Таково было поэтическое наследие века Августа; но и позднее поэзия не иссякала. В правление Нерона философ Сенека написал свои трагедии, более риторические, чем поэтические, но все же сильные и стремительные и написанные тем же метким и эффектным языком, который отличает и его философские произведения. Тогда же его смелый и несчастный племянник Лукан дал Риму в своей «Pharsalia»[116] второй после «Энеиды» эпос, на этот раз исторический, в котором он не убоялся разгневать деспота-правителя своими республиканскими симпатиями и сказать про непримиримого противника Цезаря чудное слово:

Victrix causa deis placuit, sed victa Catoni.[117]

Другой деспот, Домициан, нашел достойного поэта в лице Марциала, превзошедшего в лести все слышанное до тех пор; и все же нельзя отказать этому вечно заискивающему клиенту в сильном поэтическом таланте, благодаря которому его «эпиграммы» — одна из самых интересных книг, завещанных нам древностью, поныне непревзойденный образец этой трудной и взыскательной отрасли поэзии.
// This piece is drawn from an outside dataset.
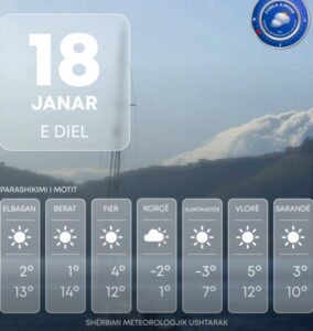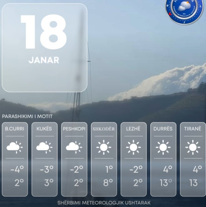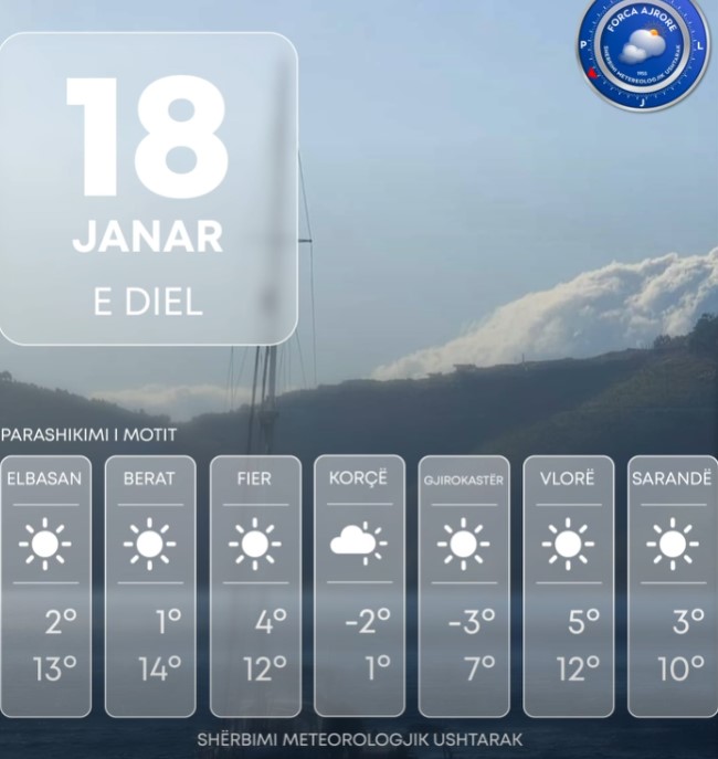 Për ditën e sotme vendi ynë do të ndikohet nga kushte atmosferike të qëndrueshme. Moti parashikohet i kthjellët në pjesën më të madhe të territorit si dhe alternime vranësirash mesatare deri të dendura, më të theksuara në zonën veriore e lindore të vendit. Era do të fryjë me drejtim verilindje– juglindje, me shpejtësi mesatare 7 m/s, përgjatë vijës bregdetare dhe zonat luginore era me shpejtësi deri në 14 m/s. Valëzimi në det do të jetë i forcës 1-2 ballë.

Последним крупным римским поэтом нашей эпохи был Ювенал, писавший при Траяне свои сатиры, содержание которых, однако, навеяно пережитым им тяжелым домициановским гнетом. Сатира Ювенала много резче и беспощаднее, чем добродушный юмор Горация; ее значения как бытовой картины не следует преувеличивать — поэт, несомненно, сгущает краски, но в литературном отношении она так же превосходна, как и эпиграмма Марциала.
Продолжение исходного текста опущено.